Sesgos cognitivos en empresas: cómo investigarlos sin diagnosticar a ciegas

Siete sesgos que pueden influir en decisiones empresariales y un método para tratarlos como hipótesis contrastables, no como etiquetas.

Un sesgo cognitivo es un patrón que puede influir en cómo interpretamos información y tomamos decisiones. Reconocer el concepto no permite diagnosticar automáticamente a una persona o un equipo.

En una empresa, la misma conducta puede tener explicaciones distintas: prudencia razonable, falta de datos, incentivos, jerarquía, saturación o un sesgo. Por eso estas categorías deben utilizarse como hipótesis de investigación.

Siete hipótesis posibles

1. Sesgo del statu quo

La continuidad puede recibir menos examen que el cambio.
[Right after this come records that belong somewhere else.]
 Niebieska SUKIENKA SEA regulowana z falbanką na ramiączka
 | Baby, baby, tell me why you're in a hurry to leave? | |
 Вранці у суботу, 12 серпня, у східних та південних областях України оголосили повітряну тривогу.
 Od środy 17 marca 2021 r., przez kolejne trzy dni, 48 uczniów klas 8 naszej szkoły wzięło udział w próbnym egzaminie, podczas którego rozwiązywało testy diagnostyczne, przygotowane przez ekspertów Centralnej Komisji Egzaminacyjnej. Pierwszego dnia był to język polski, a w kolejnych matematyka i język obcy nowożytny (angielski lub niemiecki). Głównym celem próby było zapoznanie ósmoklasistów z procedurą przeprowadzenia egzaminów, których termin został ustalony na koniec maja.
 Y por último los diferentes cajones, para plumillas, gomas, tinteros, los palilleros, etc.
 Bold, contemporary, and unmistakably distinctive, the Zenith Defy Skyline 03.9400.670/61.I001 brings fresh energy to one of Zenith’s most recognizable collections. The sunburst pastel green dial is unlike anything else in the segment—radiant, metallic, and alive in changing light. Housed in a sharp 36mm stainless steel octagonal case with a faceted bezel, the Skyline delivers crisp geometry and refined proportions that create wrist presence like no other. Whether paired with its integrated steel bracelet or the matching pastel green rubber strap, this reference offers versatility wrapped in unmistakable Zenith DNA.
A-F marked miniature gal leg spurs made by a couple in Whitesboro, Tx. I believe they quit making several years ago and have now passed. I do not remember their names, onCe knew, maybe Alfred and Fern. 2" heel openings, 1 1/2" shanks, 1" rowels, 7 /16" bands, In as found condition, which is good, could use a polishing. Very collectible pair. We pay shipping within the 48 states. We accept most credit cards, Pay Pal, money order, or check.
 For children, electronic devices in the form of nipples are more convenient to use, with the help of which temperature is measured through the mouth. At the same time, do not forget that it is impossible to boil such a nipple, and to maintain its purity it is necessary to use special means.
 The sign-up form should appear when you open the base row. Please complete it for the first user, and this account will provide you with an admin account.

Para investigarlo, compara los criterios aplicados a ambas opciones y pregunta qué evidencia haría revisar cada una.

No existe una proporción universal de decisiones que demuestre el sesgo.

2. Coste hundido

Un proyecto puede mantenerse porque cerrarlo haría visible una pérdida anterior. También puede continuar porque todavía no alcanzó el momento adecuado de evaluación.

Separa lo ya invertido de la expectativa futura. Define qué señal justificaría continuar y qué señal obligaría a cerrar.

3. Sesgo de confirmación

Un equipo puede buscar datos compatibles con su hipótesis y explicar las señales contrarias como excepciones. Para contrastarlo, asigna a alguien la tarea explícita de buscar evidencia que falsaría la propuesta.

4. Pensamiento de grupo

El acuerdo aparente puede ocultar dudas. También puede representar una decisión realmente compartida. Observa si existen canales seguros para objetar, si las objeciones cambian decisiones y qué ocurre después de la reunión.

5. Disponibilidad

Un evento reciente o memorable puede pesar demasiado en una decisión. Comprueba si el equipo distingue anécdotas, series de datos y escenarios posibles.

6. Exceso de confianza

La planificación puede subestimar complejidad, dependencias o desconocimiento. Revisa proyectos anteriores y compara previsiones con resultados, sin fijar un umbral universal para etiquetar al equipo.

7. Sesgo de acción

Una organización puede abrir iniciativas para sentir progreso. También puede necesitar actuar ante una ventana real. La pregunta es si cada movimiento tiene problema, usuario, responsable, evidencia y criterio de cierre.

Escenario hipotético

Imagina una empresa que mantiene una línea de negocio con resultados débiles. Varias personas dudan, pero nadie ha definido qué evidencia permitiría cerrarla.

Podrían coexistir coste hundido, jerarquía, falta de alternativa o una decisión racional de esperar. El diagnóstico no debería elegir una etiqueta por intuición. Debería reconstruir la decisión, calcular recursos futuros, escuchar perspectivas y establecer un gate.

Este escenario no describe un caso BTA ni atribuye un coste económico concreto.

Cómo se amplifican los patrones

Los sesgos individuales no explican por sí solos una organización. Incentivos, poder, procesos, información y carga pueden reforzar o corregirlos.

Por ejemplo, si una propuesta del CEO no recibe objeciones, puede deberse a miedo, acuerdo, falta de preparación o ausencia de información. Solo observar la ejecución y hablar con las personas permite formular una explicación mejor.

Método de investigación

1. Reconstruye decisiones

Selecciona proyectos recientes y documenta problema, hipótesis, evidencia, alternativas, responsable, resultado y destino.

2. Separa hechos e interpretaciones

Marca qué ocurrió, qué cree cada persona que ocurrió y qué falta comprobar.

3. Busca evidencia contraria

Pregunta qué dato haría cambiar de opinión al equipo. Si no existe ninguna respuesta, la hipótesis no es falsable.

4. Observa el sistema

Revisa incentivos, autoridad, carga, acceso a información y consecuencias de discrepar.

5. Diseña una prueba

Convierte la discusión en una acción limitada que produzca evidencia externa. Define antes cómo se decidirá después.

Qué no debe hacerse

  • Etiquetar a una persona como «sesgada» para invalidar su objeción.
  • Utilizar psicología popular como argumento de autoridad.
  • Convertir una heurística en diagnóstico clínico.
  • Atribuir un coste económico sin datos de la empresa.
  • Prometer que nombrar el sesgo resolverá la conducta.

Qué salida debería dejar el trabajo

El objetivo no es eliminar sesgos. Es mejorar la calidad de una decisión concreta: hacer visibles supuestos, distribuir responsabilidad, producir evidencia y cerrar cuando corresponda.

Si una decisión importante se repite sin avanzar, puede plantearse como proyecto de investigación y construcción.